This series, brought to you by Yahoo! Finance, looks at which upgrades and downgrades make sense, and which ones investors should act on. Today, with mortgage rates continuing to decline, but with new home construction on the rise, analysts at Barrington Research have decided it's time to take a look at a few companies whose business it is to furnish these new homes. Without further ado, here are the ratings for ...
Pier 1 Imports (NYSE:PIR)
Eclectic furnishings retailer Pier 1 doesn't report earnings until June 16, but already, Barrington is unimpressed with the stock. Priced at $17 and change, Pier 1 shares have underperformed the S&P 500 by more than 40 percentage points over the past year -- and Barrington doesn't expect them to make up the lost ground this year, either, rating the stock only a "market perform." Is that judgment too harsh?
At first glance, it seems so. After all, Pier 1 shares sell for only a little bit more than 17 times earnings. But analysts expect to see the company grow these earnings at more than 16% annually over the next five years, and the stock even pays a 1.4% dividend yield. These numbers, on their face, suggest the stock to be slightly undervalued with a total return ratio of under 1.0.

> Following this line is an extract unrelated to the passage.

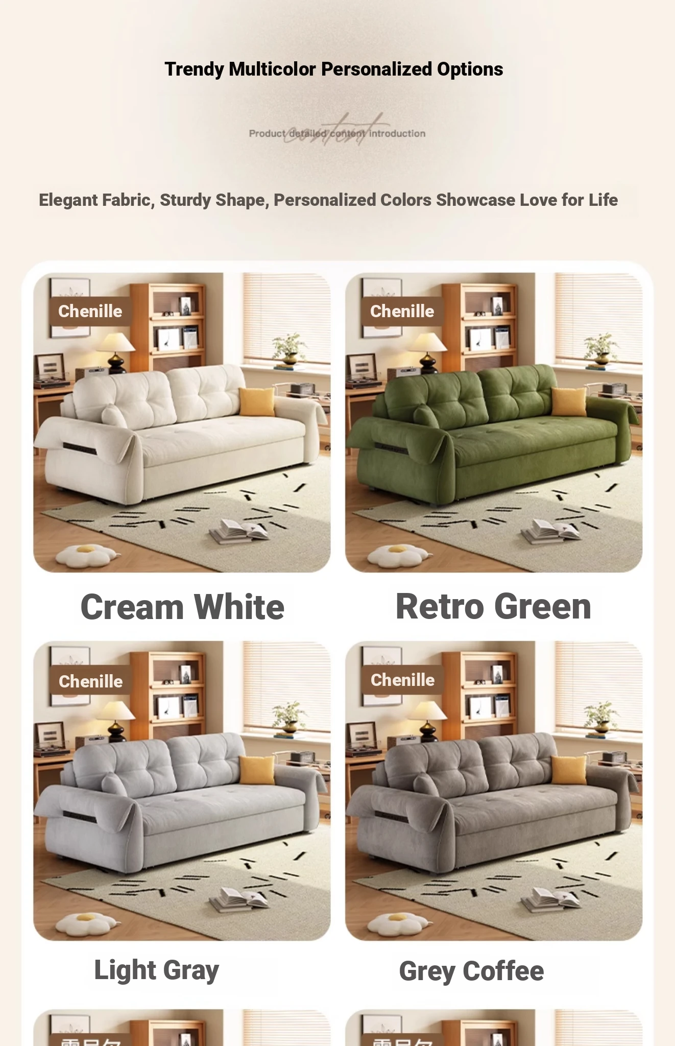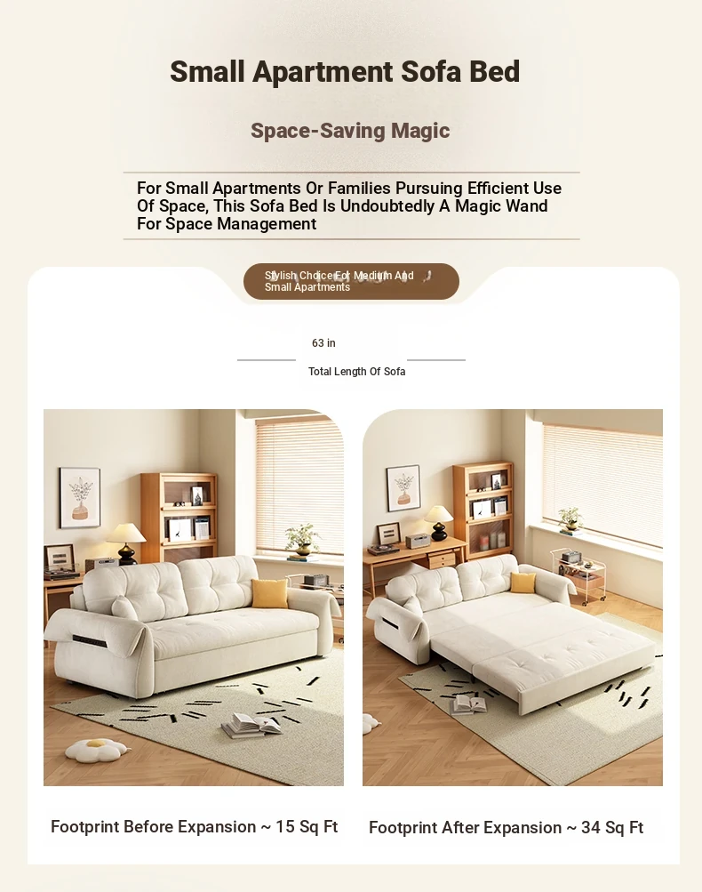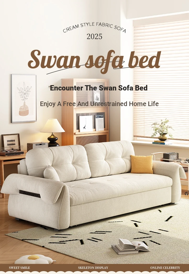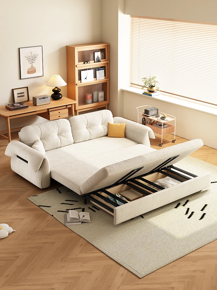 Modern Minimalist Foldable Sofa Bed - Retractable Fabric Couch for Small Apartments, Perfect for Living Rooms and Studies, Versatile Design for Sitting and Sleeping, Trendy and Stylish!

But here's the thing: Pier 1's earnings aren't really all they're cracked up to be. According to data from S&P Capital IQ, actual cash profits generated at Pier 1 over the past year (free cash flow) amounted to less than $79 million. That's barely $0.73 in real cash profits for every $1 that Pier 1 reported as "net earnings" on its income statement. So arguably, the stock isn't really as cheap as it looks.
Fact is, while all Barrington's saying at this point is that it doubts the stock can beat the market, there's a very real possibility that with quality of earnings this low, Pier 1 may actually underperform its "peers."

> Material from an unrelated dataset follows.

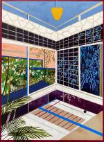 Charlotte Keates (b1990, Somerset, UK) makes paintings inspired by architectural spaces she has visited on her various residencies – some as far afield as Singapore, Japan and Bali. They depict empty houses – presumably someone’s home, but whose, it is unclear, since there are never any personal artefacts on show. Instead, Keates hopes viewers might seek to occupy the space, as they engage with what at first comes across as an architecturally realistic portrayal, only on closer inspection to reveal itself as a dystopian (or should that be utopian?) impossibility, with perspectives that don’t quite work, ladders that stop abruptly, and doorways leading nowhere. She wants the works to be like dreamscapes, depicting the memory and the feeling of a place, rather than the place itself.

Ethan Allen Interiors (NYSE:ETH)
Speaking of Pier 1's peers, we turn next to Ethan Allen. Here again, Barrington issues a downbeat prediction of no better than "market perform"-ance, and here again, I find myself in agreement. The situation at Ethan Allen, however, is almost the mirror image of what we see at Pier 1.
Viewed from a price-to-earnings perspective, Ethan Allen looks unattractive in the extreme. At a P/E ratio of 20, the stock looks more expensive than Pier 1. And with analysts projecting only a 3% long-term earnings growth rate, it's clearly the slower grower.
On the plus side, Ethan Allen does a better job than its rival at generating cash from its business. Free cash flow for the past 12 months comes in at $41.9 million, or about 23% better than reported income under GAAP. Problem is, this is still only enough cash profit to get Ethan Allen's price-to-free cash flow ratio down to about 16 -- which while objectively is not a horrendous valuation, still looks unattractive in light of the minuscule projected growth rate.
Long story short, even a modest valuation doesn't make up for the lack of growth prospects that analysts see at Ethan Allen -- and Barrington is right to suggest you avoid the stock.
Haverty Furniture (NYSE:HVT)
But if Barrington's observations so far have you depressed, and thinking there are no bargains to be found in furniture retail -- think again. After rooting through the "seconds" room for a while, Barrington ultimately did find one furniture stock worth buying, and it's called Haverty Furniture.
Priced at 19 times earnings, and projected to grow at 18% annually over the next five years, Haverty looks even more attractive than Pier 1 on the surface. What's more, much like Ethan Allen, Haverty boasts superb free cash flow, and so is free of Pier 1's major blemish.
Valuing the stock on its $38.2 million in trailing free cash flow, rather than the $30.1 million it's permitted to report as "net earnings" under GAAP, I come up with an attractive valuation of less than 15 times free cash flow on the stock -- which is cheaper than either Pier 1 or Ethan Allen scores -- and again, this is for a stock with the best projected growth rate of any furniture stock we've looked at so far.
Topping it all off, Haverty boasts the advantages of a clean balance sheet, brimming with $67 million more cash than debt, and a penchant for sharing that cash with investors -- demonstrated by a modest 1.3% dividend yield. All in all, it looks like a fine prospect -- and Barrington is right to rate it an "outperform."